The data
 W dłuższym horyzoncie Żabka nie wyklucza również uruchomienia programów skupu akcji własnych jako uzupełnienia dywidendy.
...
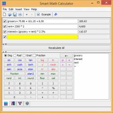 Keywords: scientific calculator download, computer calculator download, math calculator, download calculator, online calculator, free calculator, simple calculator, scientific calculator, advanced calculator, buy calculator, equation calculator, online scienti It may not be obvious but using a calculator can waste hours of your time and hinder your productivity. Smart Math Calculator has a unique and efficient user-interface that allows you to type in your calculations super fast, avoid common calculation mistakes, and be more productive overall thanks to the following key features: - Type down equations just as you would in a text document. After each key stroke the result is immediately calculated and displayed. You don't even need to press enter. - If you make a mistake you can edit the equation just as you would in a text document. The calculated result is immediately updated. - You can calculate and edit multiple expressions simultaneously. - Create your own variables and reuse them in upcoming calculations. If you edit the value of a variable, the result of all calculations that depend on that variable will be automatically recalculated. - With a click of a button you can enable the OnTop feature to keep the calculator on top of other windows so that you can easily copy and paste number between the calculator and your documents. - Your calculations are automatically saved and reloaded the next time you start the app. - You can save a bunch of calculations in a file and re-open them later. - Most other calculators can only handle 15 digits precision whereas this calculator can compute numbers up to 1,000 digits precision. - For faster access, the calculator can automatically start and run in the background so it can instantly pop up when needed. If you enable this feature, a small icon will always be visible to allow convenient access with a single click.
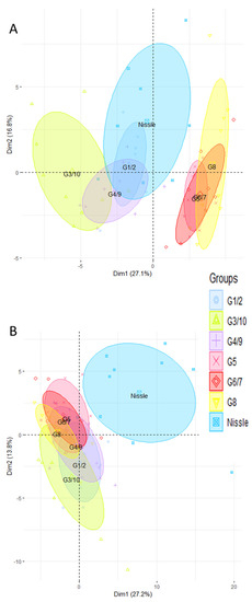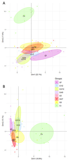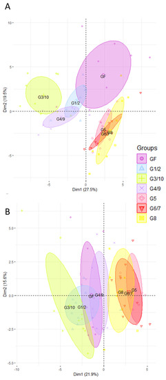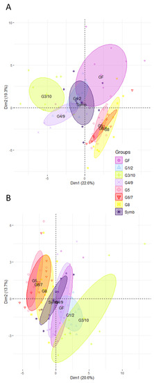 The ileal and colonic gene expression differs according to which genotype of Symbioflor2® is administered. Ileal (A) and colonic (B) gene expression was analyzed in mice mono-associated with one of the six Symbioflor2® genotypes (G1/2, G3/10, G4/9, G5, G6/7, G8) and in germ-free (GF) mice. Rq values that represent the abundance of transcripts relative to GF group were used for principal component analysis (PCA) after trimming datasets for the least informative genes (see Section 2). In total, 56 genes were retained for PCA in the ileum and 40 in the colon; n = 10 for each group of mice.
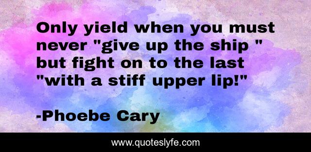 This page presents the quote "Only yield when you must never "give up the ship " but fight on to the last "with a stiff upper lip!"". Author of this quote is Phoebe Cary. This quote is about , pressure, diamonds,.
--
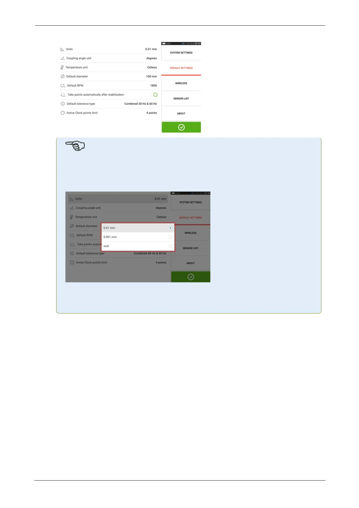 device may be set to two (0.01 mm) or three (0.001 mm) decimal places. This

What is required
Nothing but the lines from the one with "The ileal and" up to and including the one with "This page presents" should be printed, exactly as they read above. Please keep the pictures out.

Written solution
 The ileal and colonic gene expression differs according to which genotype of Symbioflor2® is administered. Ileal (A) and colonic (B) gene expression was analyzed in mice mono-associated with one of the six Symbioflor2® genotypes (G1/2, G3/10, G4/9, G5, G6/7, G8) and in germ-free (GF) mice. Rq values that represent the abundance of transcripts relative to GF group were used for principal component analysis (PCA) after trimming datasets for the least informative genes (see Section 2). In total, 56 genes were retained for PCA in the ileum and 40 in the colon; n = 10 for each group of mice.
 This page presents the quote "Only yield when you must never "give up the ship " but fight on to the last "with a stiff upper lip!"". Author of this quote is Phoebe Cary. This quote is about , pressure, diamonds,.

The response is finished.